Comment

Time to rebuild a more equal economy

Jul 28, 2020

Rachel Hussey encourages leaders to see this crisis as an opportunity to create firms that are truly equal.

As many offices begin to reopen and people take the first tentative steps back to their workplace, there is a lot of talk about getting back to ‘normal’, the ‘new normal’ or the ‘new abnormal’. Whatever way we refer to it, this next period is going to be very different to what went before and we all have an opportunity to reimagine or reframe our ideas of work and the workplace.

Over the past few weeks and months, the focus on diversity has resurfaced and sharpened, and is generating considerable discussion. The Black Lives Matter movement catapulted the issue of race to centre stage and caused many organisations to state or restate their commitment to diversity. The importance of authenticity in this commitment is key, as we saw when some companies leading the charge were called out as having no diversity on their boards or senior management.

Many organisations in Ireland, and their leaders, are genuinely committed to diversity and really want to move the dial. They believe that their organisations aim to be meritocracies in that everyone has the same opportunities to advance and that the ‘best person for the job’ gets the job. They are committed to diversity but also believe that if you are good enough, you will succeed. When women or minority groups don’t succeed, the belief is that it is because of choice, lack of ability, or lack of representation. The truth may be that the environment or the experience is not welcoming or encouraging of difference.

The starting point is for leaders to acknowledge that inequality exists in every organisation. With that frame of mind, leaders can keep a razor-sharp focus on diversity every day, in every decision that is made for the business, including around promotions and team composition. The tone is set at the top and when the rest of the organisation realises the importance of diversity to its leadership, equality is taken more seriously as a business imperative.

The next step is to lead open and honest debate about how merit is determined and judged. If we are convinced that opportunities are decided solely based on merit and the best person for the job, are we satisfied that there is no inherent bias in the merit criteria, the merit decision process or how we classify a ‘job well done’? And does our sponsor culture reinforce historical stereotypes and work styles as the meritocracy we would like to maintain, or is it more open to balanced styles, skills and opportunities?
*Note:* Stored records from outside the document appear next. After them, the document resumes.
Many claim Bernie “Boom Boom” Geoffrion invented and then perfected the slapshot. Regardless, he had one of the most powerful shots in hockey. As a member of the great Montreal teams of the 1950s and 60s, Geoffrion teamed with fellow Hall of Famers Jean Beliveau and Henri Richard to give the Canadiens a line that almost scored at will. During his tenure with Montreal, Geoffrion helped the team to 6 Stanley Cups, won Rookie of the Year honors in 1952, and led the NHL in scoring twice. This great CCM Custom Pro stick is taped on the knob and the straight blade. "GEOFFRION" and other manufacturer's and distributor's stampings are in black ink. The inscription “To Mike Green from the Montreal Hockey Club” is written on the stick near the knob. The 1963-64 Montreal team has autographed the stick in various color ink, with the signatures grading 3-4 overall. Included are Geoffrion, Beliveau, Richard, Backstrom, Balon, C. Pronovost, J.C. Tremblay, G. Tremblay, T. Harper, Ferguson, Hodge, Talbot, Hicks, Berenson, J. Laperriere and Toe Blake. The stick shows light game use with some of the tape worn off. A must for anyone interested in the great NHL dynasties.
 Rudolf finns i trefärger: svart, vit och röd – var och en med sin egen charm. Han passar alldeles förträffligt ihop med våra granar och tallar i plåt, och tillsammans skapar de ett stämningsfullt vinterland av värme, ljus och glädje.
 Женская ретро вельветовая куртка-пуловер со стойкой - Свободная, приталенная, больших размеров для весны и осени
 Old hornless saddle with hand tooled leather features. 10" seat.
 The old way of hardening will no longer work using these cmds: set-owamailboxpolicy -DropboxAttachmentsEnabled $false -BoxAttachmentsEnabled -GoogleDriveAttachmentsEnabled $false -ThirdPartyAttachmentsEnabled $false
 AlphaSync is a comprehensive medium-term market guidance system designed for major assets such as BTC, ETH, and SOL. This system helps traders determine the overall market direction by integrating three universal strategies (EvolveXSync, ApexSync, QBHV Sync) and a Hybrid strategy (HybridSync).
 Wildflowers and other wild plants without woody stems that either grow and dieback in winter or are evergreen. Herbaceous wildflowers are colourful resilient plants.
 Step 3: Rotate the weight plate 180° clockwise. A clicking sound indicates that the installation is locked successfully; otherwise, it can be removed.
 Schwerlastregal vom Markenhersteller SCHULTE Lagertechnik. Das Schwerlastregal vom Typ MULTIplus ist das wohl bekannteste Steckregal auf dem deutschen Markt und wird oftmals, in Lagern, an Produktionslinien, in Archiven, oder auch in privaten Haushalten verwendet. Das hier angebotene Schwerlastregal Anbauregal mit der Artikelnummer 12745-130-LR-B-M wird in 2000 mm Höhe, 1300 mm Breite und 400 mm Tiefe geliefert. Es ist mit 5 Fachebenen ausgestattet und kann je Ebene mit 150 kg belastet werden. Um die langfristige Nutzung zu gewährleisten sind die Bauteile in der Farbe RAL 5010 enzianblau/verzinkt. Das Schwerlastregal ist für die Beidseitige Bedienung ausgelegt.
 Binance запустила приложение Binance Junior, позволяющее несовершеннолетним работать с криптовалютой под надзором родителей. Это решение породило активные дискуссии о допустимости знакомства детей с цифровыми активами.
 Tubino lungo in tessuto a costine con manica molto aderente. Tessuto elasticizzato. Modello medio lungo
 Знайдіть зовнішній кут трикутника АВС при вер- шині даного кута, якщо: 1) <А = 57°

These conversations regularly lead to debates about the value of targets and quotas, particularly for female representation. Such debates can, in isolation, unfortunately lead to the view that targeted promotions are tokens and not a genuine reflection of talent. It also risks majority groups, which in most business situations are men, seeing it as a zero-sum game driving reduced opportunity for their own careers, which then makes it less likely that men will support diversity initiatives. If we want to increase the pace of change, while targets have value and may be the best kick-start in many ways, leaders must treat managing equitable opportunities in the same way as they manage costs and revenue – close attention to detail, reporting and measurement; but targets by themselves should not be the only long-term option for genuine progress.

Finally, to learn more about the reality in an organisation, leaders can and should have open conversations with their teams to find out more about people’s experience of working at the firm. Having roundtable discussions with people at all levels to gain an understanding of the visible and invisible barriers that women and minority groups face is key to understanding and to making the changes necessary to dismantle those barriers.

To make this change sustainable and meaningful, particularly in relation to gender, we need to ensure that women who reach senior positions are valued in the same way as men for their talent and their contribution to the role. That’s where leaders have a real opportunity, by their approach and expectations of everyone in the organisation to practise equality in their daily work lives.

So let’s not waste this crisis. Let’s use it to make a real impact on creating firms that are truly equal.

Rachel Hussey is Chair of 30% Club Ireland and a Partner at Arthur Cox.